Нам могут возразить, что эти добродетели и многие другие, составляющие аромат великих душ, будут, без сомнения, уместны в мире, где борьба за жизнь лишится своей принудительной силы, которая ей еще присуща на планете, где до сих пор не завершилась эволюция видов. В ожидании же такого будущего большинство этих добродетелей ставит в более слабое положение своих служителей в сравнении с теми, кто их не признает. Они являются помехой для развития лучших в пользу худших. Всеобщему идеалу жизни они противополагают идеал, может быть, превосходный, но частный и слишком человеческий, и этот слишком ограниченный идеал в самом начале по необходимости осужден на поражение.
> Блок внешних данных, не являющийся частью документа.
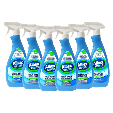 Albex Noflush is a 100% environmentally friendly and biodegradable toilet water neutraliser made from multi-stain bacillus spores, a blend of 6 specific enzymes and plant-based surfactants. Just one spray of Albex Noflush in the toilet bowl will put urine to sleep by neutralising the urine and leaving behind a fresh scent and blue colour. You can save 6800LT of clean water with every 500ml bottle of Albex Noflush. One bottle has an 860 spray capacity, giving you 860 uses before having to replace the bottle.

Возражение это имеет только видимость истины. Во-первых, это так называемое открытие закона о борьбе за существование, в котором ищут источник новой морали, является в сущности не чем иным, как открытием нового сочетания слов. Недостаточно еще придать новое название существующему с незапамятных времен закону для того, чтобы оправдать радикальное изменение человеческого идеала. Борьба за существование современна существованию нашей планеты; ни одно из ее последствий не изменилось, ни одна из ее тайн не раскрылась в тот день, когда ее восприняли сознанием и украсили названием, которое словесный каприз, быть может, изменит лет через пятьдесят. Затем следует сознаться, что если эти добродетели часто делают нас безоружными перед теми, кто их не признаёт, то это происходит лишь в жалких жизненных стычках. Нет сомнения, что слишком честный будет всегда обманут бесчестным, слишком любящий, снисходительный, преданный будет страдать в столкновениях с теми, кто не любит. Но разве можно тут говорить о победе последних над первыми? Разве такие поражения задевают глубокую жизнь лучшего? Он лишится в них некоторых материальных преимуществ, но он потерял бы гораздо больше, если бы оставил невозделанной всю ту область, которая простирается над моралью здравого смысла. Кто обогащает свою чувствительность, обогащает свой разум, и последнее слово всегда остается за силами исключительно человечными.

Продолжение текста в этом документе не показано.